The buzz on the circuit is as much about who will make the cut for the premier, once-in-four-years ODI tournament, as it is about which team will win the IPL.

Ayaz Memon |April 9, 2019, 2:00 PM IST
IPL Sparkle = World Cup Ticket?

Andre Russell’s jaw dropping assault on RCB bowlers last week in the IPL prompted Brian Lara to play instant chief selector for the West Indies.

"Windies Team For World Cup @Russell12a and any other 10," tweeted the former great after KKR’s burly all-rounder had clinched an improbable win with brutal hitting rarely seen in T20.

There is more than just gushing hyperbole in Lara’s tweet. Even if obliquely, it also highlights how teams are looking at the IPL to resolve selection issues for the World Cup which begins in less than two months.

The buzz on the circuit is as much about who will make the cut for the premier, once-in-four-years ODI tournament, as it is about which team will win the IPL. This has had players on the fringes of selection as well as coaches, captains and selectors in deep anxiety.

The last date for naming the World Cup team is April 23, just over a fortnight away. Interestingly only New Zealand, runners-up in 2015, have gone public yet with their 15-member squad for the tourney.

The Kiwis approach was always unambiguous. The World Cup team was to be picked on ODI performances – in which several players were given opportunities of course. They have decided to stick by this, irrespective of what happens in the IPL.

New Zealand are the only side to have named their World Cup squad so far. (AFP) New Zealand are the only side to have named their World Cup squad so far. (AFP)

Indeed, whether IPL performances should even be considered for winning a place in the World Cup is contentious. T20s and ODIs are like apples and oranges, and any comparison of form between these two formats comes fraught with some peril.

Coaches, captains and selectors from all countries have said at various times that T20 performances can’t be a determinant in picking the World Cup side, yet have had to put selection in abeyance.

Virat Kohli, for instance, said before the limited overs series’ against Australia that T20 form wouldn’t count for the World Cup.

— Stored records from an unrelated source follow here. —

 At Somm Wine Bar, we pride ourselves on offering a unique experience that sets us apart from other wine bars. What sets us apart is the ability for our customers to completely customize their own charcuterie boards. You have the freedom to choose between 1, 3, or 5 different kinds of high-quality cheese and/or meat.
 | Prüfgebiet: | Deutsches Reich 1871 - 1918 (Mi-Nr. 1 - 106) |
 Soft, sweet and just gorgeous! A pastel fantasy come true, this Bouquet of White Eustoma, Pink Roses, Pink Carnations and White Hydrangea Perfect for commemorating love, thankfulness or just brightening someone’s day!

This was reiterated by vice-captain Rohit Sharma last week. Ironically, India have been forced to consider IPL form more than others, but of that later.

Actually, giving some weightage to what’s happening in the IPL is not without value. This is the last major fixture in the cricket calendar before the World Cup starts, so why shouldn’t countries take maximum advantage of the time limit provided by the ICC.

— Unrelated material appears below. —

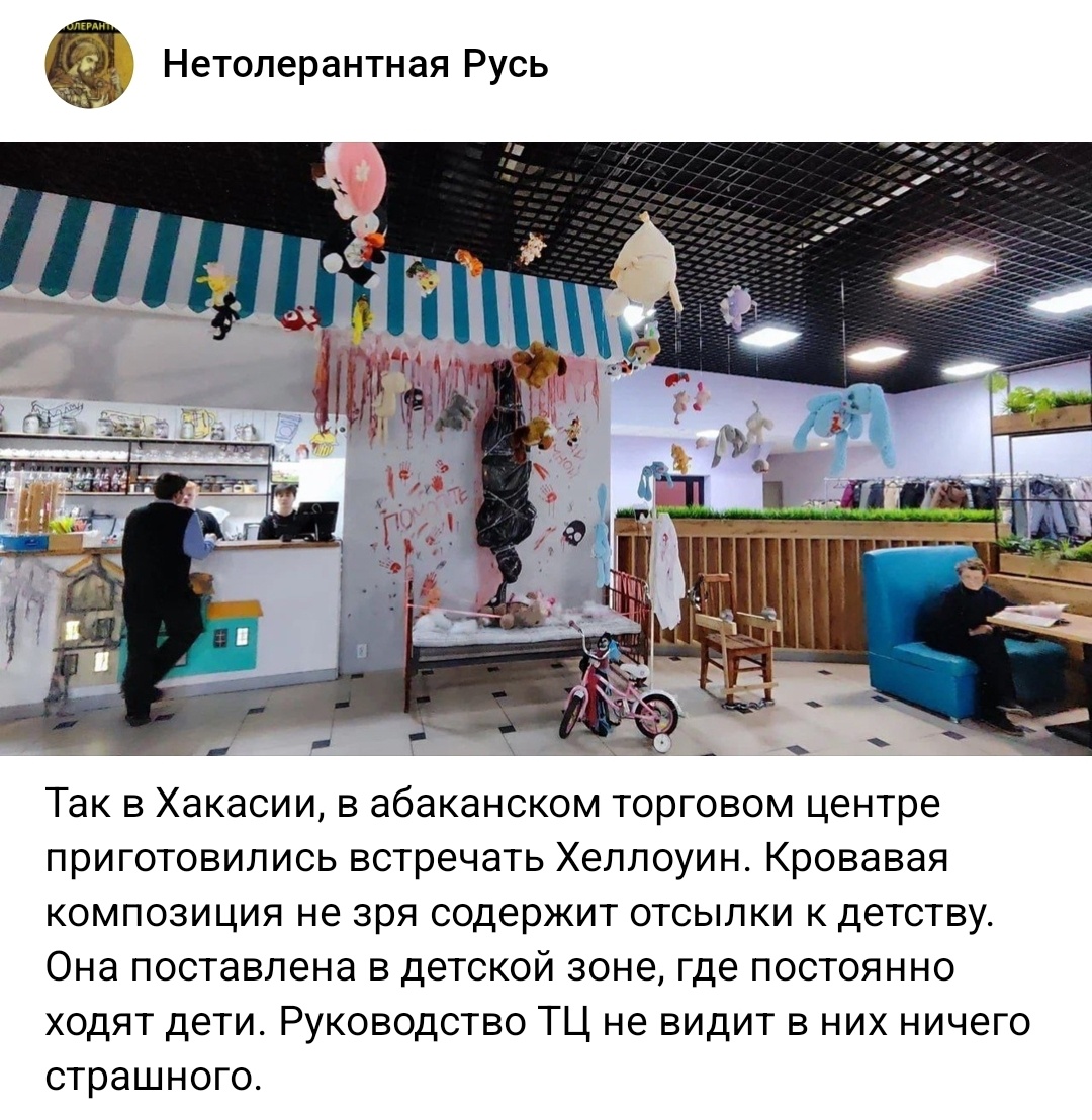 Так или иначе подобную атрибутику встречал в разных местах в своем городе. Меня всегда удивляло как современные русские люди сочетают, казалось бы не сочетаемые обычаи. На Пасху вся страна несёт освящать в храм куличи и крашенные яйца, а в канун хеллоуин, праздника посвященного всякого разного бесовским сущностям, люди наполняет их символикой места своего обитания. Как говорится и вашим, и нашим. Пытаемся сделать поклон и Богу и мамоне.

Moroever, the IPL is hugely competitive. Over the past dozen years, careers have been made and unmade – in every format -- and therefore the delay in announcing teams for the World Cup becomes even more understandable.

Of the frontrunners for the World Cup – which apart from New Zealand includes India, South Africa, England and Australia – the last two mentioned have already reaped some benefit.

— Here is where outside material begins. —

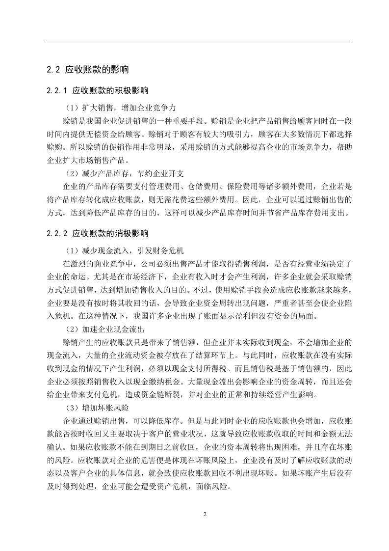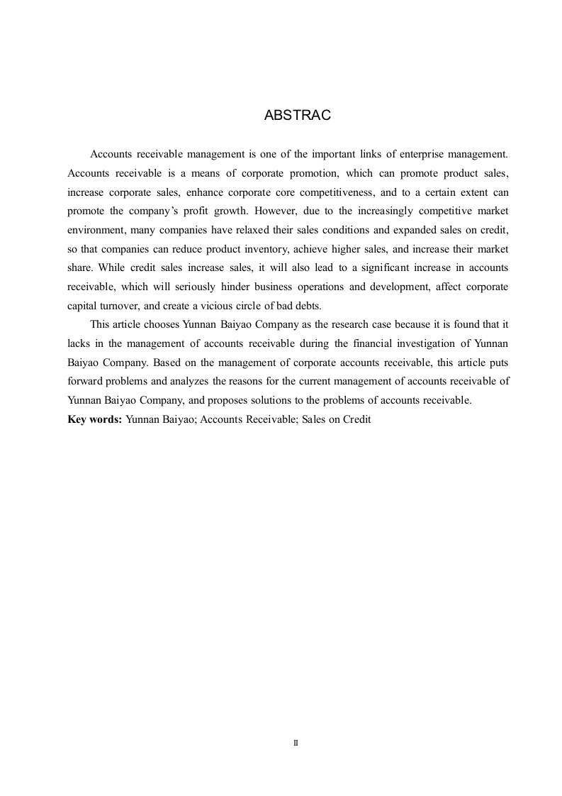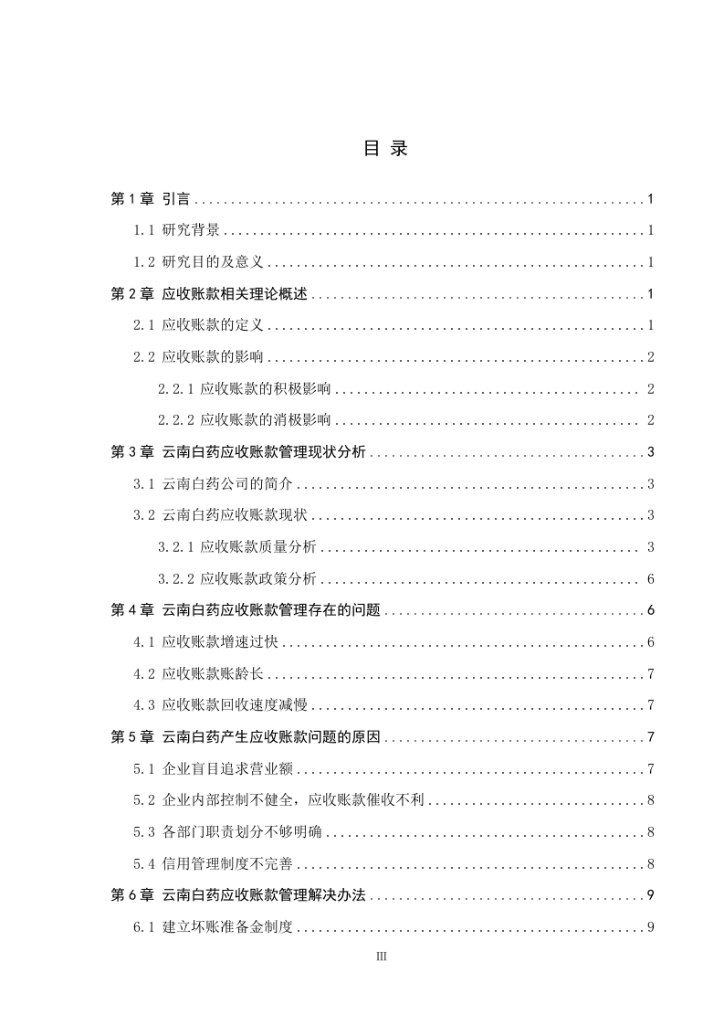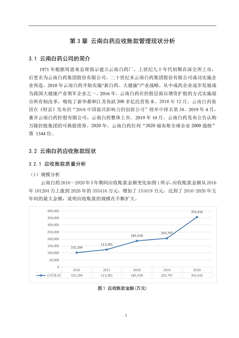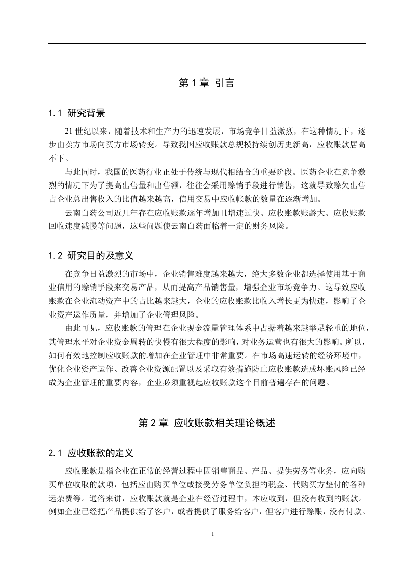 云南白药应收账款管理研究摘要应收账款管理是企业管理的重要环节之一。应收账款是企业促销的一种手段,能促进产品销量,提高企业销售额,增强企业核心竞争力,在一定程度上可以促进公司的利润增长。但是迫于竞争日益激烈的市场环境,许多企业放宽了销售条件,并扩大了赊销销售量,以便企业降低产品库存,更高的实现销售额,增加企业市场占有率。赊销增加了销售额的同时,也会导致应收帐款显著增加,这会严重阻碍业务运营和发展,影响企业资金周转,并造成不良坏账恶性循环。本文选用云南白药公司为研究案例,是因为在针对云南白药公司财务调查过程中发现其对于应收账款的管理有所欠缺。本文以企业应收账款管理为背景,针对目前云南白药公司应收账款的管理提出问题及分析原因,并为应收账款的问题提出解决方案。关键词:云南白药:应收账款:赊销1ABSTRACAccounts receivable management is one of the important links of enterprise management.Accounts receivable is a means of corporate promotion,which can promote product sales,increase corporate sales,enhance corporate core competitiveness,and to a certain extent canpromote the company's profit growth.However,due to the increasingly competitive marketenvironment,many companies have relaxed their sales conditions and expanded sales on credit,so that companies can reduce product inventory,achieve higher sales,and increase their marketshare.While credit sales increase sales,it will also lead to a significant increase in accountsreceivable,which will seriously hinder business operations and development,affect corporatecapital turnover,and create a vicious circle of bad debts.This article chooses Yunnan Baiyao Company as the research case because it is found that itlacks in the management of accounts receivable during the financial investigation of YunnanBaiyao Company.Based on the management of corporate accounts receivable,this article putsforward problems and analyzes the reasons for the current management of accounts receivable ofYunnan Baiyao Company,and proposes solutions to the problems of accounts receivable.Key words:Yunnan Baiyao;Accounts Receivable;Sales on Credit目录第1章引言...1.1研究背景1.2研究目的及意义....第2章应收账款相关理论概述..12.1应收账款的定义...2.2应收账款的影响......22.2.1应收账款的积极影响.22.2.2应收账款的消极影响..2第3章云南白药应收账款管理现状分析.33.1云南白药公司的简介.....33.2云南白药应收账款现状...33.2.1应收账款质量分析....。3.2.2应收账款政策分析...。。。。。。。6第4章云南白药应收账款管理存在的问题….64.1应收账款增速过快....4.2应收账款账龄长...…74.3应收账款回收速度减慢....7第5章云南白药产生应收账款问题的原因..·5.1企业盲目追求营业额....…5.2企业内部控制不健全,应收账款催收不利..……85.3各部门职责划分不够明确...。….85.4信用管理制度不完善第6章云南白药应收账款管理解决办法….96.1建立坏账准备金制度...·96.2加强内部控制,完善应收账款催收制度..96.3明确各个部门的职责,相互协作..….106.4完善应收账款信用管理制度.....……10...12参考文献...13致谢..…….14

England, currently no.1 in the rankings, in fact have a problem of plenty, and this happy situation only seems to have got accentuated with players like Jos Buttler and Jonny Bairstow showing sizzling form.

Jonny Bairstow is one of many Englishman lighting up the IPL 2019. (Image: IPL/BCCI) Jonny Bairstow is one of many Englishman lighting up the IPL. (Image: IPL/BCCI)

Ben Stokes has looked good with bat and ball though not at his devastating best, Sam Curran’s shaping up well and Moeen Ali comes across as still their best option as a spin-bowling all-rounder.

Who to leave out is England’s problem now!

Australia’s situation is perhaps even more interesting for different reasons. A few weeks back, the team was in the doldrums, 0-2 down in the ODI series against India (in India), having earlier lost the series at home too.

The turnaround since has been stunning. The Aussies won three matches on the trot to win the series against India, then more significantly, beat Pakistan 5-0 in the UAE. A side that looked hapless and wallowing in mediocrity had suddenly perked up.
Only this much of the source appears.